La información y otros tóxicos

“…Ya conocen las noticias, ahora les contaremos la verdad” Reza la cabecera de entrada de un programa de televisión de humor inteligente que se emite cada día inmediatamente después de las noticias.
Cuando yo era estudiante de periodismo en Paris, allá por los ochenta, mis maestros se empeñaban e inculcarnos, entre otras cosas, que la neutralidad en el tono y el rigor informativo debían ser el credo de todo buen periodista. Pues ha llovido mucho desde entonces. Hoy, un hatajo de periodistas, expertos tertulianos y columnistas se recrean hasta la saciedad en emplear un lenguaje tremendista plagado de malos augurios; y si por casualidad dan una buena noticia rematan con un “si pero” seguido de una aterradora traca final. Intentan, y con éxito, inocular sus escuálidos conocimientos plagados de nubarrones en los cerebros vacíos de los pobres oyentes y lectores. Dice un proverbio que la cultura es como la mantequilla: mientras menos se tiene más lo extendemos. Por añadidura hay algunos que, para rizar el rizo, añaden un tono ñoño que resulta empalagoso y falso hacia todos aquellos que lo están pasando mal.

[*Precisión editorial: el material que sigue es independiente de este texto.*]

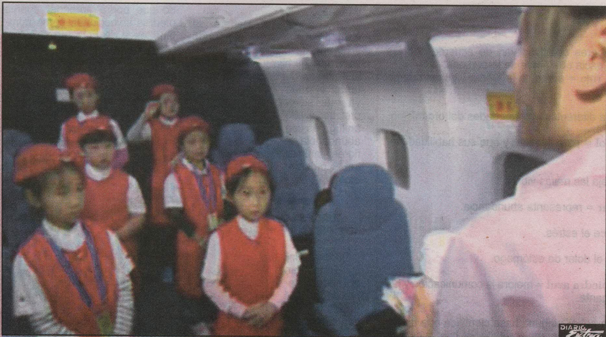
El sexismo está instalado en cada esquina de la vida en China, sin embargo se está tratando de combatir los arraigados estereotipos de género. (SEP)

El sexismo está instalado en cada esquina de la vida en China y la gente está tan acostumbrada a ello que es fácil ignorarlo, porque la gente se acostumbró a la idea de que los hombres pueden hacer mejor las cosas que las mujeres. Pero cuando las mujeres comenzaron a sobresalir, la gente se volvió temerosa y pensó que eso sería problemático.
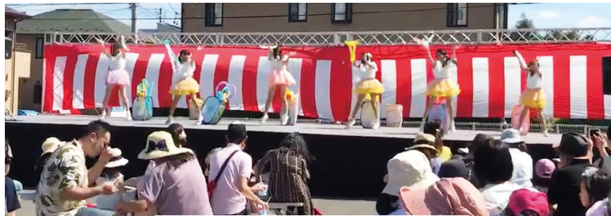
アイドルグループの華やかなステージ

南東北福島病院では9月7日(出)、「秋まつり」を開催しました。近年、夏の暑さが一瞬と激しさを増してきたことから、従来の「夏まつり」を今年度から「秋まつり」と名称を変更、時期をずらしての開催となりました。当日はすばらしい天気とな
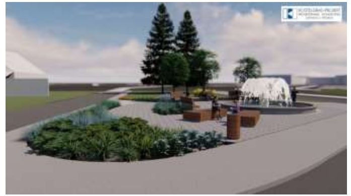
Slika 2: Park s fontanom u T. Toplicama

Projekcije proračuna za 2023. i 2024. godinu obuhvaćaju slijedeće kapitalne projekte čije se ostvarenje planira na temelju sufinanciranja projekata prijavljenih na javne natječaje:
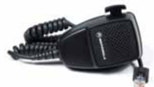
HMN3596 Micrófono compacto para móvil
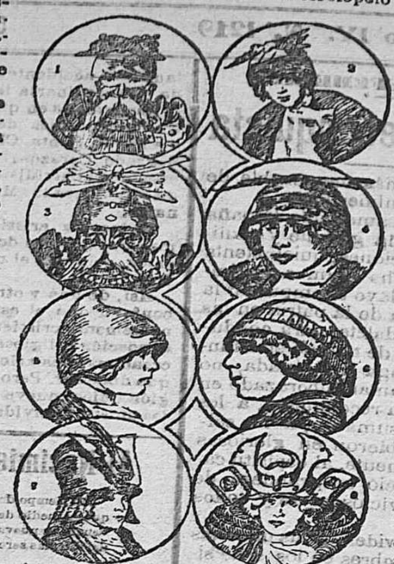
La moda guerrera del viejo Japón y la moda femenina de hoy

Es tal el abuso del lenguaje tremendista que a veces parece una verdadera tomadura de pelo. En algunas cadenas de radio lo más frecuente es escuchar en boca de los periodistas estrellas cosas tales como: “con la que está cayendo…”; Situación terrible…”; “Estamos al borde del precipicio…”; “La situación es insostenible…”; “La crisis no da tregua…”;”Acoso de los mercados…”; “Han sucedidos muchas cosas en estos primeros cuatro días del año, y todas malas…” “Nos siguen metiendo el miedo en el cuerpo…y con justa razón…” declara el periodista tras escuchar unas declaraciones del ministro de economía; y la joya de la corona: “…Hoy tenemos una buena noticia, pero que no sirva de precedente…” y así un largo etcétera de terror y catastrofismo que servidora, y millones de personas escuchan cada mañana por la radio. Así, estos profesionales de la comunicación con ese lenguaje siembran el desaliento ahí donde abren la boca o meten su pluma, van por ahí, convertidos en apóstoles de la desgracia, haciendo proselitismo del terror. ¿Quién después de escuchar semejantes declaraciones puede albergar un ápice de optimismo? Desde el comienzo de la crisis nos hemos deslizado poco a poco del pesimismo al catastrofismo y de este al terror, y todo al son de la letanía diaria de esos señores de pluma fecunda y verbo fácil. ¿Y saben lo peor de esta macabra historia? Que nos lo creemos. Nos tragamos las amenazas de los mercados iracundos, como ya una vez nos tragamos lo de la gripe aviar, la peste porcina, las vacas locas y más recientemente, la gripe A. Picamos como borregos, sin ánimo de ofender a esos pobres animalitos. Nuestro estado de ánimo depende de las dichosas primas de riesgos, de las bolsas que bajan, de una canciller alemana que se enfada y nos riñe, de las agencias de calificación que nos amenazan con ponernos una mala nota. Y en medio de este ataque colectivo a nuestra integridad síquica y moral los mercados y los bancos aprovechan para saquear nuestros bolsillos y secuestrarnos el sosiego.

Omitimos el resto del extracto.